[Problem statement]: For the entries that follow, retype exactly the lines from the one containing "The Jeremy Sochan" to the one containing "史向彬画室:龙马精神扬四海,红梅傲雪映千山", inclusive, and only those. Images stay out of the copy.

Data supplied Block Start

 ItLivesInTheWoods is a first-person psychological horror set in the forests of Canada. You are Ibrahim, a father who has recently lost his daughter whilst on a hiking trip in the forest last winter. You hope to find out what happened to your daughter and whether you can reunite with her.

Data supplied Block End
Data supplied Block Start

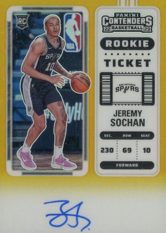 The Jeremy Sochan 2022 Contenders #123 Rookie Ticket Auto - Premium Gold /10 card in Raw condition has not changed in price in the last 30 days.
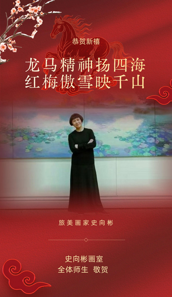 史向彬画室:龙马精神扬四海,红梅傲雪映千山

Data supplied Block End
Data supplied Block Start

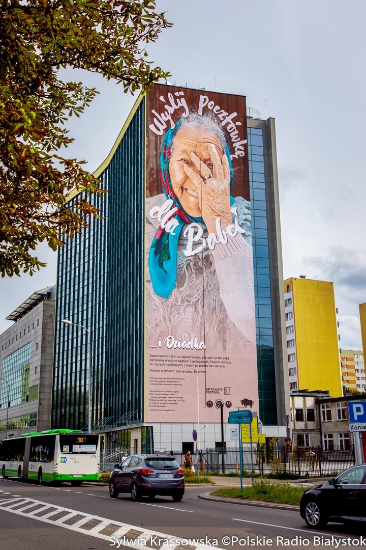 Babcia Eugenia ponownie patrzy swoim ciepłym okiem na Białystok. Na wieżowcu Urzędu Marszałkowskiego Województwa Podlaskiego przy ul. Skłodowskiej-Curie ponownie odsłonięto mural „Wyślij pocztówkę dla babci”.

Data supplied Block End

[Reply]:
 The Jeremy Sochan 2022 Contenders #123 Rookie Ticket Auto - Premium Gold /10 card in Raw condition has not changed in price in the last 30 days.
 史向彬画室:龙马精神扬四海,红梅傲雪映千山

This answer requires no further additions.